• [Task data]
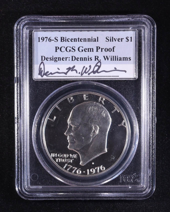 1976-S Eisenhower Bicentennial Silver $1 Dollar Dennis R. Williams Signature Label (PCGS GEM PROOF)
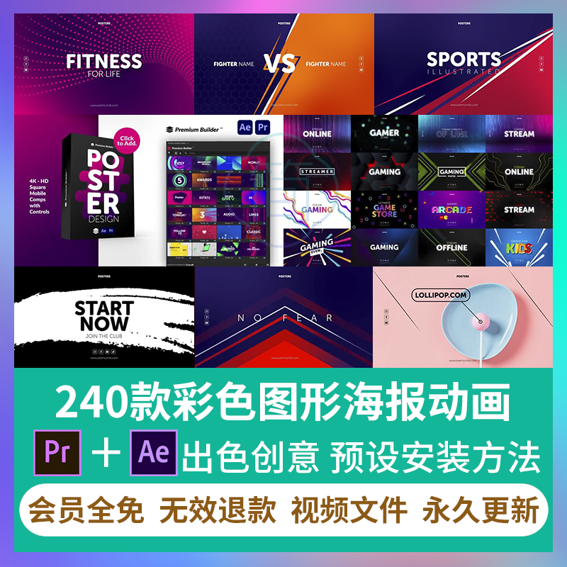 PR/AE模板240款時尚彩色圖形文字標題沛廣告海報設計宣傳動畫
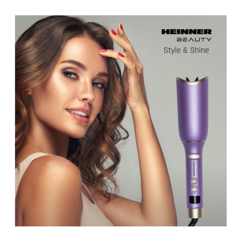 Heinner HTC-YD230PP automatic curling tong with digital display ensures effortless styling and long-lasting curls. Ceramic coating and precise temperature control protect the hair, while adjustable curling direction and timing offer flexible styling results.
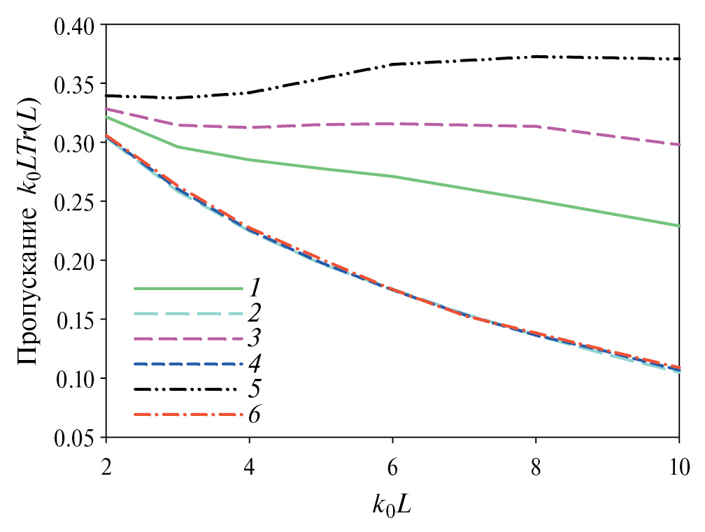 На рис. 4 показана зависимость усредненного коэффициента полного пропускания атомного ансамбля Tr от его толщины k0L при различных температурах. Расчет проведен для k0Lt = 50. Плотность атомов . Величина зеемановского расщепления, вызванного внешним постоянным магнитным полем Δ = 100γ. Отстройка частоты излучения от частоты перехода в свободном атоме δ равна 0.5γ. Для удобства интерпретации результатов приведен коэффициент пропускания, умноженный на толщину ансамбля k0LTr. Пары кривых 1 и 2, 3 и 4, 5 и 6 получены для k0v0 = 0.01γ, k0v0 = 0.025γ и k0v0 = 0.05γ соответственно.
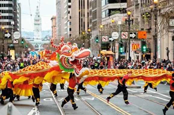 不仅在与中国邻近的亚洲国家,在欧洲、美洲、大洋洲乃至世界各地,只要有华人辛勤的足迹,就可以看到中国龙矫健的身影。越来越多的西方人也开始认识到中国的龙文化。2004年春节,法国隆重举行中国文化年,中国龙被来自北京的市民代表挥舞起来,吸引不少法国民众上街观赏。2006年9月中旬,一场独特的中国时代大型娱乐活动也在德国北部著名城市汉堡举行。一条7米长、5米多高、4吨多重的巨型青铜龙被塑造起来。时任汉堡市长奥勒·冯·伯思特感慨:在整整3周时间里,中国龙成了这座城市的重要象征。而在美国西海岸城市旧金山,当地的中国农历新年大游行被誉为亚洲之外规模最大的春节庆祝活动。每年农历春节,这里都会举办规模宏大、丰富多彩的庆典活动。巡游队伍长达数千米。舞龙舞狮、武术、歌舞、行进乐队等多种形式表演吸引观众驻足。其中最受美国观众期待的节目之一就是舞龙表演。如2016年时,28英尺长的金龙,就在100人团队协作下,步行穿过旧金山街道。值得一提的是,旧金山农历新年庆典活动是收费的,但30美元的门票售价仍然挡不住观众的热情。我们有理由相信,在当代,中国龙正在飞向世界,并在西方文化中重构对其的正确认知。
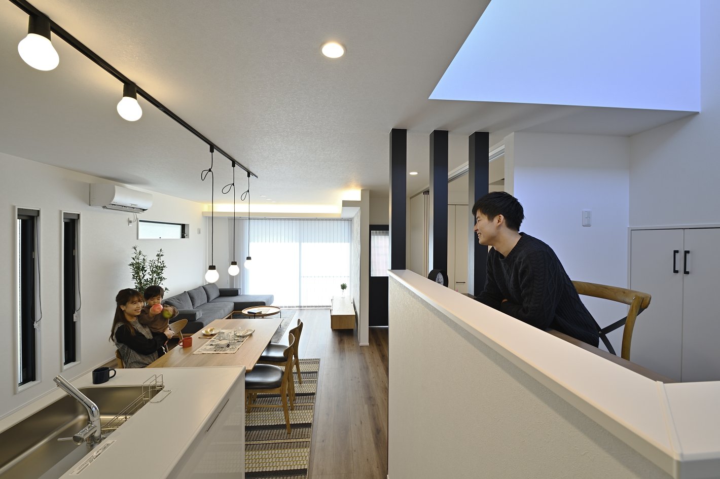 大きな窓やスキップフロアの吹き抜けによって、1階にも2階にもたっぷりと光が降り注ぎ、家族との団らんの時間をより明るく楽しいものにしてくれます。
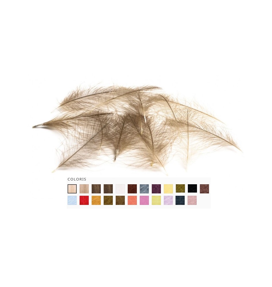 Ces plumes de croupion de canard sont triées et sélectionnées. Toutes les plumes sont utilisables et sont disponibles dans un large choix de coloris.
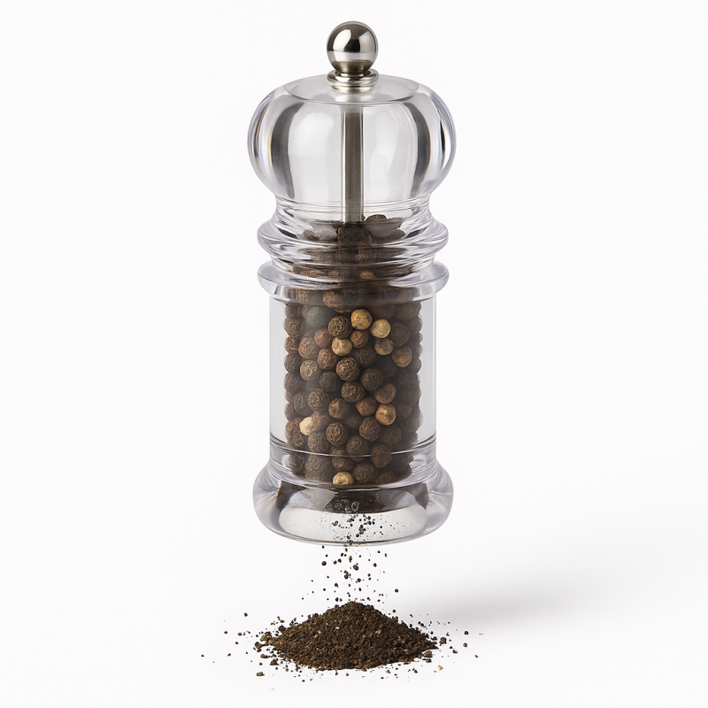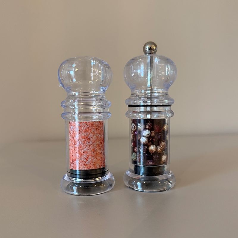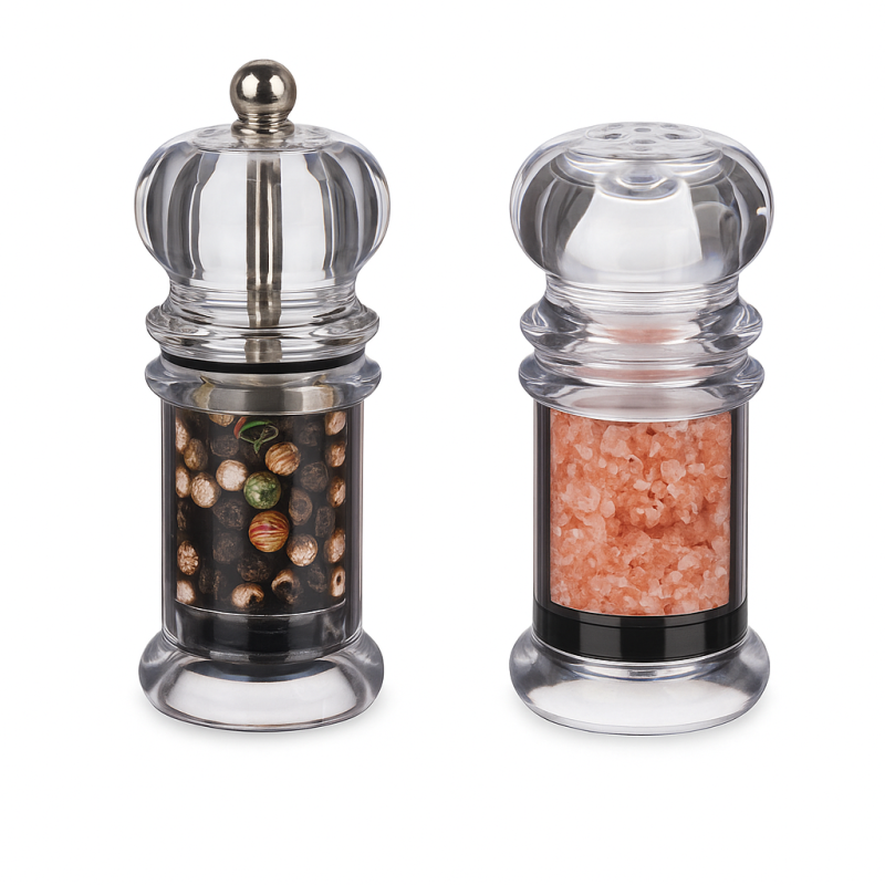 Комплект мелничка за пипер и солница, изработени от прозрачен акрил.

• [Problem to work on]
Without the pictures, repeat the listing word for word.

• [Solution to this task]
 1976-S Eisenhower Bicentennial Silver $1 Dollar Dennis R. Williams Signature Label (PCGS GEM PROOF)
 PR/AE模板240款時尚彩色圖形文字標題沛廣告海報設計宣傳動畫
 Heinner HTC-YD230PP automatic curling tong with digital display ensures effortless styling and long-lasting curls. Ceramic coating and precise temperature control protect the hair, while adjustable curling direction and timing offer flexible styling results.
 На рис. 4 показана зависимость усредненного коэффициента полного пропускания атомного ансамбля Tr от его толщины k0L при различных температурах. Расчет проведен для k0Lt = 50. Плотность атомов . Величина зеемановского расщепления, вызванного внешним постоянным магнитным полем Δ = 100γ. Отстройка частоты излучения от частоты перехода в свободном атоме δ равна 0.5γ. Для удобства интерпретации результатов приведен коэффициент пропускания, умноженный на толщину ансамбля k0LTr. Пары кривых 1 и 2, 3 и 4, 5 и 6 получены для k0v0 = 0.01γ, k0v0 = 0.025γ и k0v0 = 0.05γ соответственно.
 不仅在与中国邻近的亚洲国家,在欧洲、美洲、大洋洲乃至世界各地,只要有华人辛勤的足迹,就可以看到中国龙矫健的身影。越来越多的西方人也开始认识到中国的龙文化。2004年春节,法国隆重举行中国文化年,中国龙被来自北京的市民代表挥舞起来,吸引不少法国民众上街观赏。2006年9月中旬,一场独特的中国时代大型娱乐活动也在德国北部著名城市汉堡举行。一条7米长、5米多高、4吨多重的巨型青铜龙被塑造起来。时任汉堡市长奥勒·冯·伯思特感慨:在整整3周时间里,中国龙成了这座城市的重要象征。而在美国西海岸城市旧金山,当地的中国农历新年大游行被誉为亚洲之外规模最大的春节庆祝活动。每年农历春节,这里都会举办规模宏大、丰富多彩的庆典活动。巡游队伍长达数千米。舞龙舞狮、武术、歌舞、行进乐队等多种形式表演吸引观众驻足。其中最受美国观众期待的节目之一就是舞龙表演。如2016年时,28英尺长的金龙,就在100人团队协作下,步行穿过旧金山街道。值得一提的是,旧金山农历新年庆典活动是收费的,但30美元的门票售价仍然挡不住观众的热情。我们有理由相信,在当代,中国龙正在飞向世界,并在西方文化中重构对其的正确认知。
 大きな窓やスキップフロアの吹き抜けによって、1階にも2階にもたっぷりと光が降り注ぎ、家族との団らんの時間をより明るく楽しいものにしてくれます。
 Ces plumes de croupion de canard sont triées et sélectionnées. Toutes les plumes sont utilisables et sont disponibles dans un large choix de coloris.
 Комплект мелничка за пипер и солница, изработени от прозрачен акрил.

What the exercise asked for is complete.